▶ **What you have to do**
Output exactly the lines that run from the start of the records to the line with "恒源祥 天然乳胶被200*230 乳胶含量60%", counting both ends, and skip the pictures.

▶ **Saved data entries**
════════════════
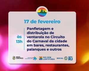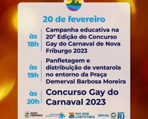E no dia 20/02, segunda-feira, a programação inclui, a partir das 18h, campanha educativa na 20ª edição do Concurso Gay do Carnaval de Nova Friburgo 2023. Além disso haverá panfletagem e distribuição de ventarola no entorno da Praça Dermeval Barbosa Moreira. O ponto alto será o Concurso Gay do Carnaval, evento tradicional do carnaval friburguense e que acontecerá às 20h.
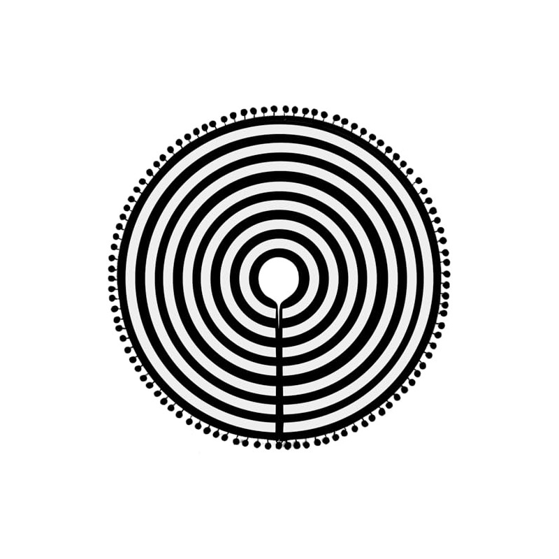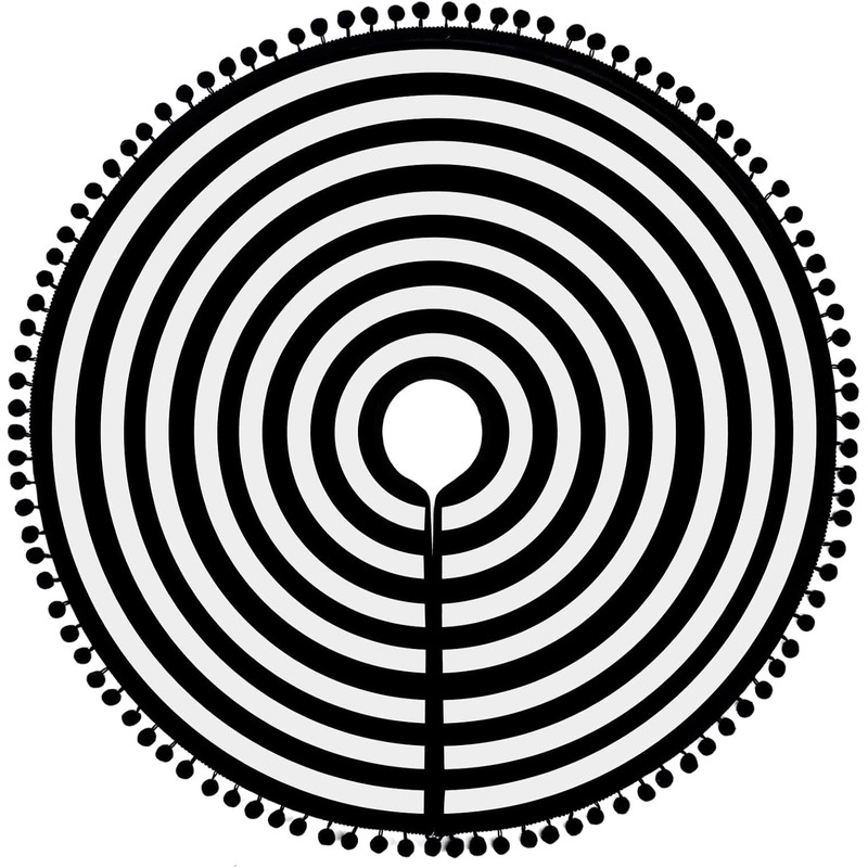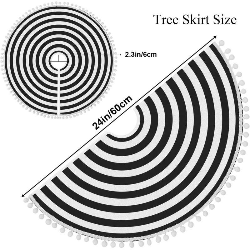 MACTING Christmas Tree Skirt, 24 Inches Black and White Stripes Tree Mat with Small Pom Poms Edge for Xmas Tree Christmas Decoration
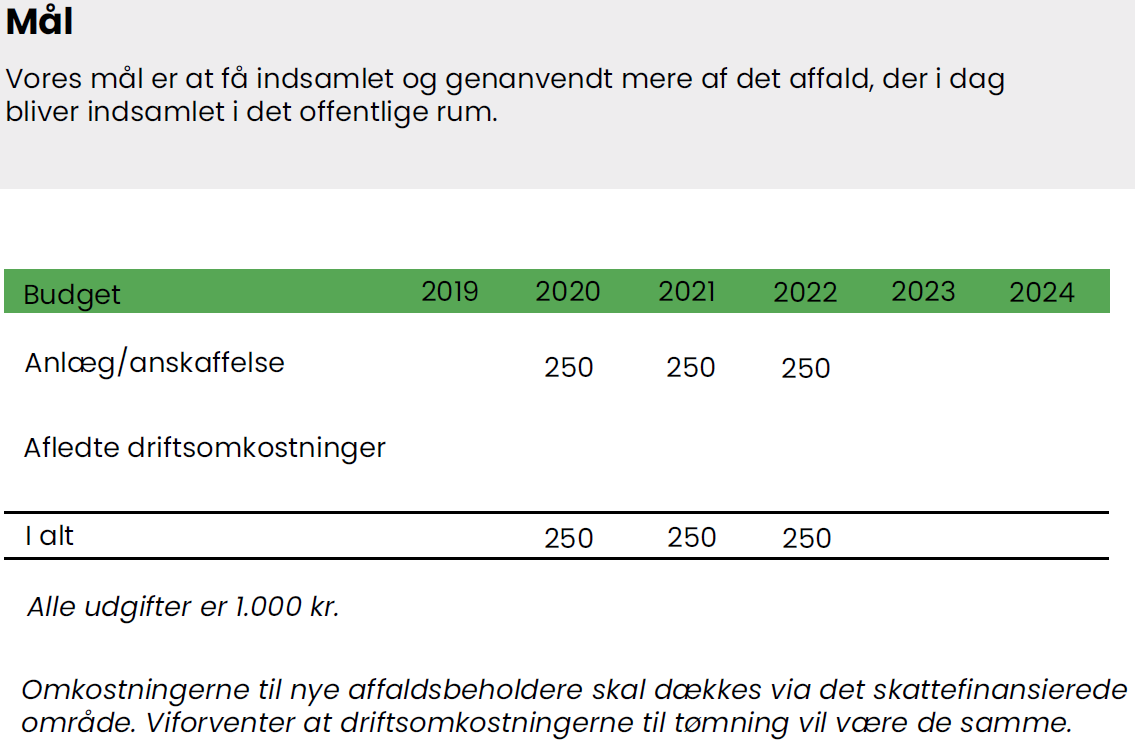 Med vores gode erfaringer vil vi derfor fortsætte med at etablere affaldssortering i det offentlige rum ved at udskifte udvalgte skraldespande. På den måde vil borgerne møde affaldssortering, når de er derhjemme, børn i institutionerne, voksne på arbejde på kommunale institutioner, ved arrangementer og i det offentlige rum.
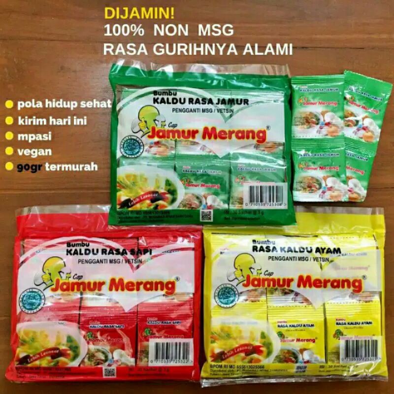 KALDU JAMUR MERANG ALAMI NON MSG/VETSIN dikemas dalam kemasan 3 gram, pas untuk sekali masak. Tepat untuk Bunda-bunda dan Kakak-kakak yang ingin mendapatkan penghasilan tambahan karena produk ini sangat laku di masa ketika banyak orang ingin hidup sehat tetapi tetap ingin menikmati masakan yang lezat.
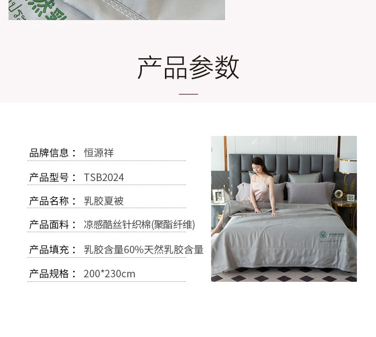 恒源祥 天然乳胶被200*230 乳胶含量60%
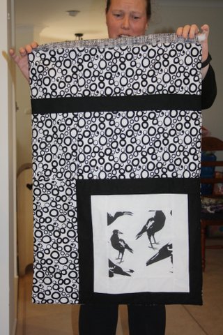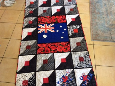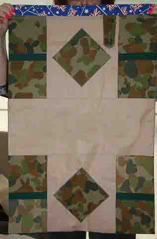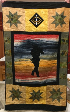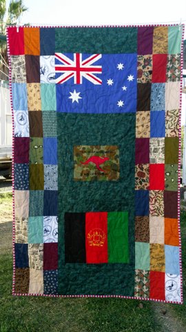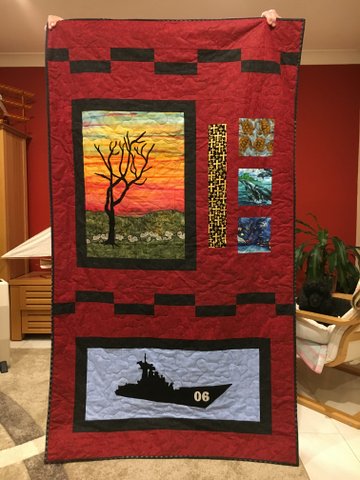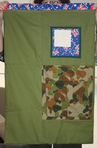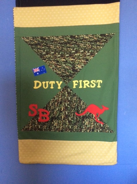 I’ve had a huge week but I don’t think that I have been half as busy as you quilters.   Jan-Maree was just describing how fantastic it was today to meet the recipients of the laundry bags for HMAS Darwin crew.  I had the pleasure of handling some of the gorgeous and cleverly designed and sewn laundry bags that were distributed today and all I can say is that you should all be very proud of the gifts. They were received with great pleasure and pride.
════════════════
▶ **Response**
E no dia 20/02, segunda-feira, a programação inclui, a partir das 18h, campanha educativa na 20ª edição do Concurso Gay do Carnaval de Nova Friburgo 2023. Além disso haverá panfletagem e distribuição de ventarola no entorno da Praça Dermeval Barbosa Moreira. O ponto alto será o Concurso Gay do Carnaval, evento tradicional do carnaval friburguense e que acontecerá às 20h.
 MACTING Christmas Tree Skirt, 24 Inches Black and White Stripes Tree Mat with Small Pom Poms Edge for Xmas Tree Christmas Decoration
 Med vores gode erfaringer vil vi derfor fortsætte med at etablere affaldssortering i det offentlige rum ved at udskifte udvalgte skraldespande. På den måde vil borgerne møde affaldssortering, når de er derhjemme, børn i institutionerne, voksne på arbejde på kommunale institutioner, ved arrangementer og i det offentlige rum.
 KALDU JAMUR MERANG ALAMI NON MSG/VETSIN dikemas dalam kemasan 3 gram, pas untuk sekali masak. Tepat untuk Bunda-bunda dan Kakak-kakak yang ingin mendapatkan penghasilan tambahan karena produk ini sangat laku di masa ketika banyak orang ingin hidup sehat tetapi tetap ingin menikmati masakan yang lezat.
 恒源祥 天然乳胶被200*230 乳胶含量60%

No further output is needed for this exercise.